Слабый отблеск лучины скользил по лезвию меча от острия к перекрестью и обратно. Утопая в мыслях, Велибор рассматривал лежащее на столе оружие, слегка поворачивая рукоять. На яблоке* красовалась выгравированная сова — герб Катайского края. Но прекрасное оружие руки искусного мастера от множества подобных отличало совершенно иное. Вся ценность заключалась в том, кто его вручил. Обряд мужчины. Он был настолько давно, что казался событием другой жизни. Но в этой самой крепости, на этом самом святилище, в день двадцать первого лета Велибору поднесла меч Родослава. Волхв читал священные тексты, Рода вторила ему. Опустившись на колени перед Перуновым пламенем, она нашёптывала на клинок оберег. Оберег во сохранение жизни. Может, это лишь казалось Велибору, но меч после нашёптываний Родославы утратил в весе, стал ещё острее, ещё послушней… Она запечатала в мече часть своей силы. Зачем? Потому что любила?

— Ты верно сказал мне, батый, — прохрипел Велибор, — что во власах моих уж серебрится седина. А я всё, аки несмышлёный отрок, терзаюсь от любви да обиды… Жаль, ты не слышишь меня, батый.

Невесомая рука призрачной дымкой легла на плечо воеводы. Свет лучины прошёл сквозь широкую грудь, длинную волнистую бороду.

Я слышу тебя, Велибор, — горько улыбнулся Аким, — да вот токмо ты не слышишь ни меня, ни Родушку… Потерпи малость, при Демире станет тебе полегче.

— Я женился, я стал отцом, — потерев слипающиеся веки, прошептал воевода, — я стал дедом. А счастья не сыскал. Твоя дочь не выходит из сердца, сидит в нём да покоя не даёт… Не видала меня осьмнадцать лет — даже не улыбнулась. Холодная, красивая, словно снежный узор на коре. Я поцелуй тот во сне зрил, в мыслях лелеял, а она мне его подарила, словно на базаре откупилась.

Ладно тебе ныть, — Аким скривился, опускаясь на лавку подле ученика. — Сейчас гонец с вестями важными прибудет, а ты сопли по мечу мажешь — баба его отвадила осьмнадцать лет назад… Ты завсегда таким был — окроме себя самого, ни о ком боле не думал.

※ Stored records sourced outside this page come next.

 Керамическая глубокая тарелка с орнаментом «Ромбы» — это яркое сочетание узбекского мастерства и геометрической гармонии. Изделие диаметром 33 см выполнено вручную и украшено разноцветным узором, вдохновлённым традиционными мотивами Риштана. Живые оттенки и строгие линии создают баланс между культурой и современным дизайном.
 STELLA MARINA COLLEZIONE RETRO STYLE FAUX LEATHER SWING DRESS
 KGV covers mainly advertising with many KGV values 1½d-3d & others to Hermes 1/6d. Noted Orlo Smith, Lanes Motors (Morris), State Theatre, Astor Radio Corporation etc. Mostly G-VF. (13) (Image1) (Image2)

Стук в дверь оборвал мысли, отпугнул тоску. Велибор убрал меч в ножны, поднялся с лавки. В сенях послышались шаги, и через мгновение два гостя вошли к воеводе в светлицу. Тусклый свет заскользил по золотистым кудрям, отразился в зелёных глазах.

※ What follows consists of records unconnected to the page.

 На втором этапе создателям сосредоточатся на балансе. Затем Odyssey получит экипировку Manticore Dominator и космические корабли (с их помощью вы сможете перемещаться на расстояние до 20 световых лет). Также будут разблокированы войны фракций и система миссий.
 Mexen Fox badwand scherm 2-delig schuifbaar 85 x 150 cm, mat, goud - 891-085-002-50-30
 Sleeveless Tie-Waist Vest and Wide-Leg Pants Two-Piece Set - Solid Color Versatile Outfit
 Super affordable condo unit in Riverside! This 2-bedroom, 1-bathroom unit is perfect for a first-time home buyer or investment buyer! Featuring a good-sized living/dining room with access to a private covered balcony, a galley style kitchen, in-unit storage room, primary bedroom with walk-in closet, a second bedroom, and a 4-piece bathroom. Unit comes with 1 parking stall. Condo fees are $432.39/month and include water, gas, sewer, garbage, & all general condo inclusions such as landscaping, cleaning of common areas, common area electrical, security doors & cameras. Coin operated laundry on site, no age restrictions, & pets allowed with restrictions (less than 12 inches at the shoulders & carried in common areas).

— Что стряслось, Злат? — нахмурился Велибор.

— Батый, к тебе посланник от Родославы Огнеяровны, — отчитался старший дружинник, пропуская наворопника к воеводе.

Велибор прищурился — даже в свете лучины лицо юноши казалось бледным, а угольно-чёрные волосы лишь подчёркивали его белокожесть. Голубые глаза смотрели холодно, безучастно.

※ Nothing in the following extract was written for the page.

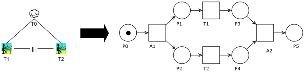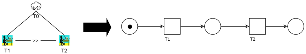 The left side of Figure 3 illustrates two tasks, T1 and T2, which are subtasks of the abstract task T0. T1 and T2 are connected using the sequential enabling-operator, which can be written as T1 ≫ T2. This formula indicates that T1 has to be completed before T2 can start. In order to preserve this semantics, the PN on the right-hand side of Figure 3 inserts a simple place between T1 and T2. When T1 is completed, the token will move to the intermediate place. This guarantees that there is a point in time when T1 has finished before T2 starts. Afterwards, T2 can be executed. Finally, the token arrives at the place on the right.

— Я тебя помню, — кивнул Велибор, подойдя ближе.

— Ладно, батый, ты покличь, когда понадоблюсь, — махнул Злат, собираясь выйти в сени.

— Останься, — пробасил воевода.

Холод пробежал по телу Маруна, но не от громового гласа Велибора, а от странного чувства, не дающего покоя. К пустой, скрытой полутенью лавке тянуло и отталкивало одновременно. Хлад иного мира покоился на ней, покалывал ладони. Марун протянул к нему руку, начертил в воздухе знак.

Здорово, внучек, — улыбнулся Аким, одобрительно кивнув действиям наворопника. — Хоть ты не Родославиной крови, да научился многому, дух развил. Ох, мои внуки — моя гордость.

Марун чувствовал родной ток, пытаясь впустить в свои мысли глас деда, но Злат возник перед глазами, осел на лавку… осел на Акима.

— Двинься, — прошипел наворопник, едва не вцепившись в плечо старшего дружинника.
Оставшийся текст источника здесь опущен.